Dreams part 1
Our dreams come to us from the unconscious part of the mind and speak to us of our hidden fears and desires
Many therapists will tell you when working with clients, one of the most common statements made at the start of many a session is “I had the strangest dream the other night” or “I’ve been having really weird dreams lately about ………..” It teaches and shows us that dreams are a large part of the therapeutic process and that therapy has already stated to work well for the client. If we were to take the view that dreams are snippets of mumbo jumbo, let’s dispel this myth right now and instead ask this question. Why does there always seemed to be a connection between some part of a person’s dream and the issues they encounter in their waking life, before the dream?
Why do we use the very old term of “Follow your dreams”?
This is because we know that one of the functions of dreams is to express our desires and gratifications. This is emphasised in the ones we feel too embarrassed to admit to ourselves. Likewise dreams can also mask our deeper fears and anxieties at a level we can’t even begin to fathom. Something too horrible to contemplate or too horrific to remember, or something we want to avoid facing up to can become surpressed at a deeper level of the unconscious mind. Past trauma or incident or unhealthy behaviour pattern, begins to manifest itself in the symbolic language of dreams. Likewise with painful memories, our dreams can have a way of letting us know upon our waking, that unresolved issues are ready to be dealt with.

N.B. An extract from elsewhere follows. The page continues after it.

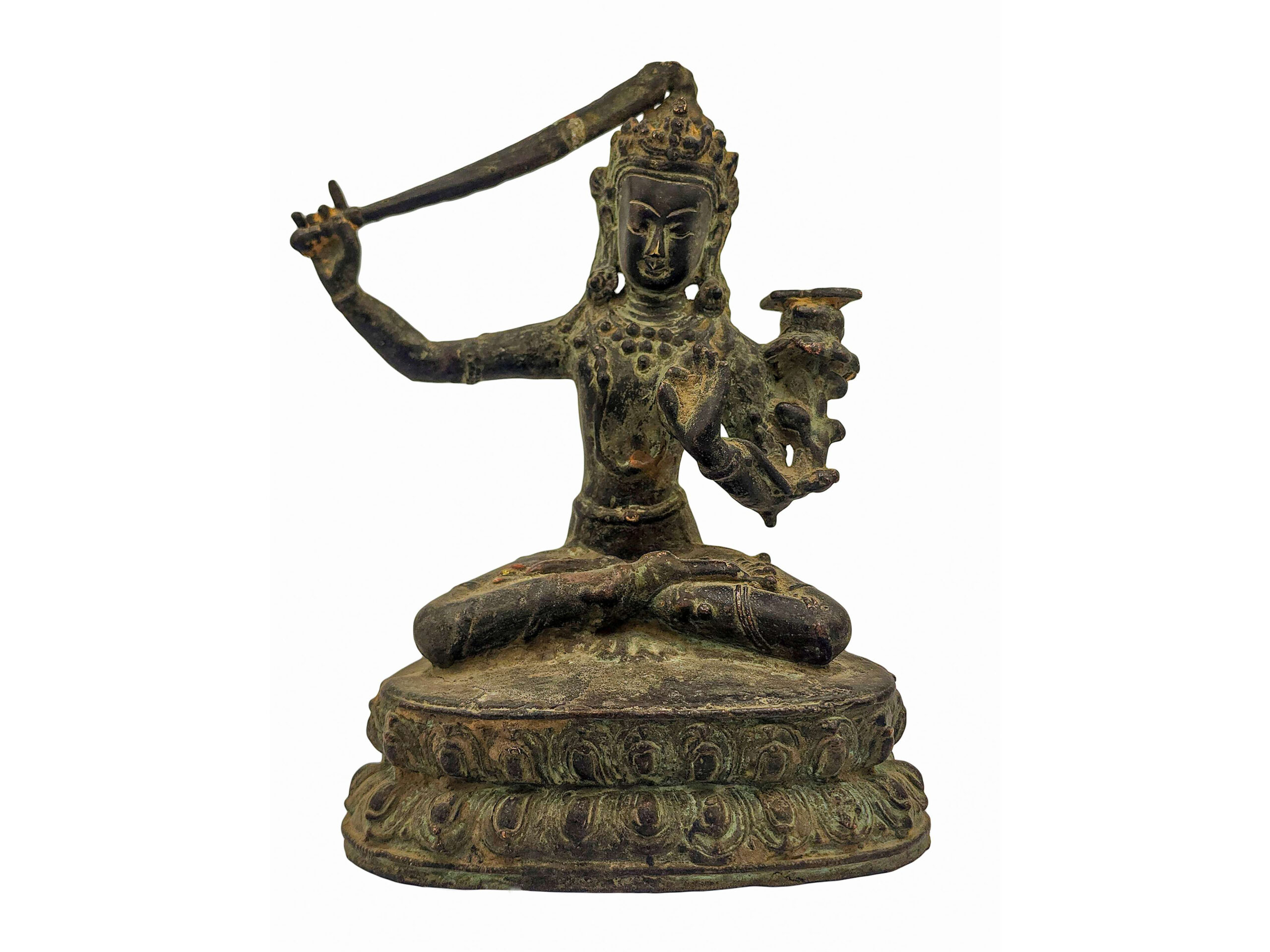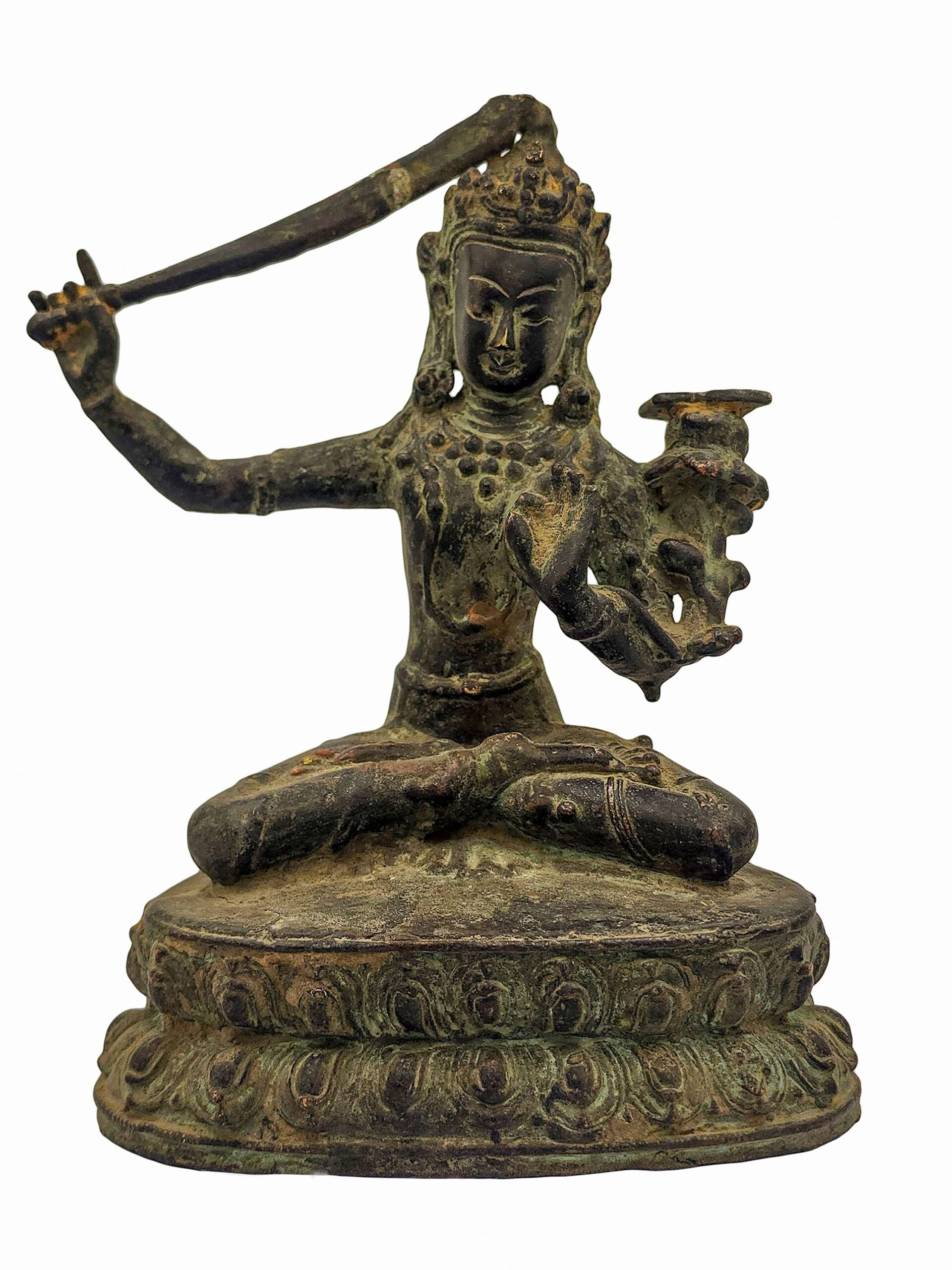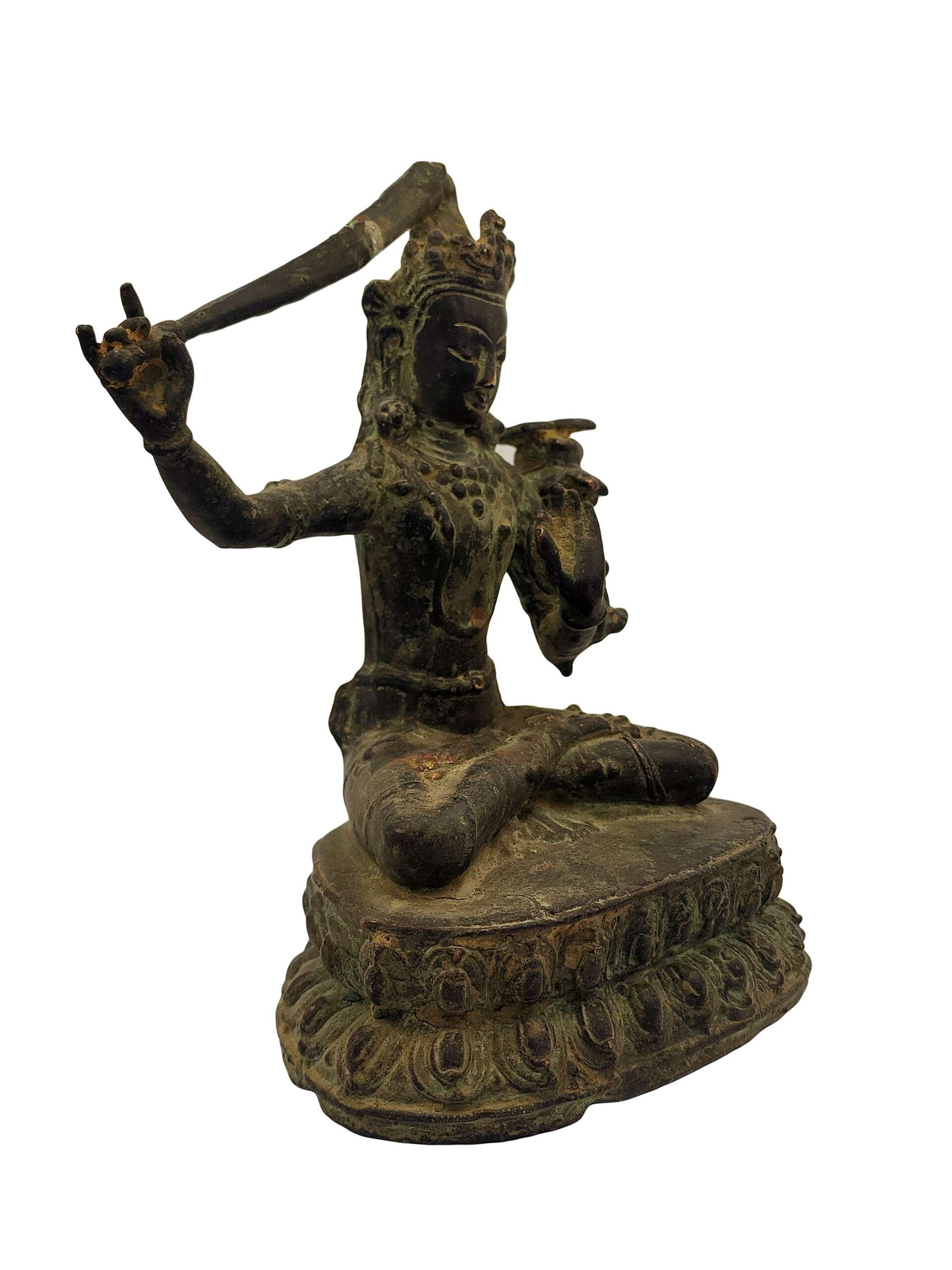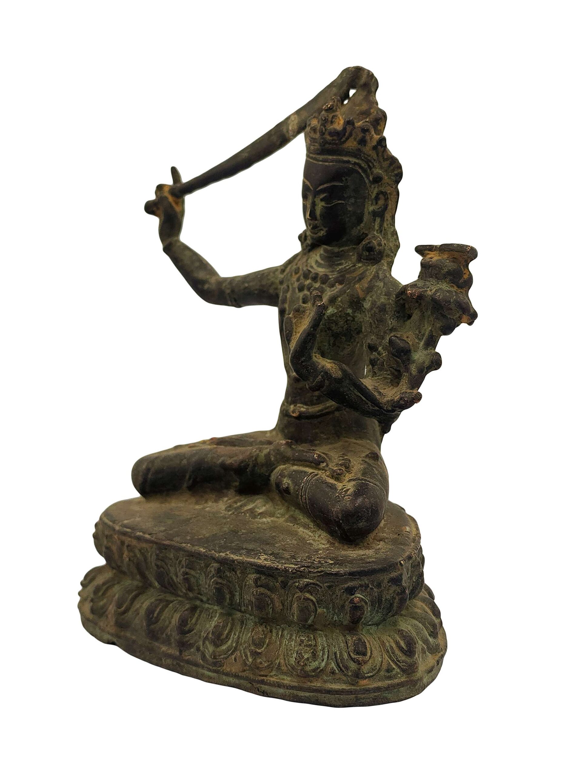 Old Stock Manjushri Buddhist Statue – Antique Patina Copper

Such is the power of our dreams, that they can be disturbing.
When we experience a nightmare, we are known to thrash about in our beds, shout aloud and sob our hearts out; because of the phenomenal gripping power of a dream. The first waking moments after a nightmare can leave us feeling emotionally overwhelmed and unbearably vulnerable with a pounding heart, accompanied by perspiration and not really sure of what’s reality or fantasy. We know that we can be left feeling completely disorientated, desolated and even in the pits of despair. Whatever terminology people use to describe their dreams, we’ve all experienced them from time to time, the ones that throw us off kilter for a while and the wonderful funny and joyous ones we really don’t want to wake up from. They are a part of us; they live deep within the bottomless labyrinth of the unconscious mind and psyche.
They speak a perplexing language all of their own in symbols. These can be difficult to fathom and can stir up the most disturbing and pleasant of human emotions. This especially in the ones dreampt in vivid colour.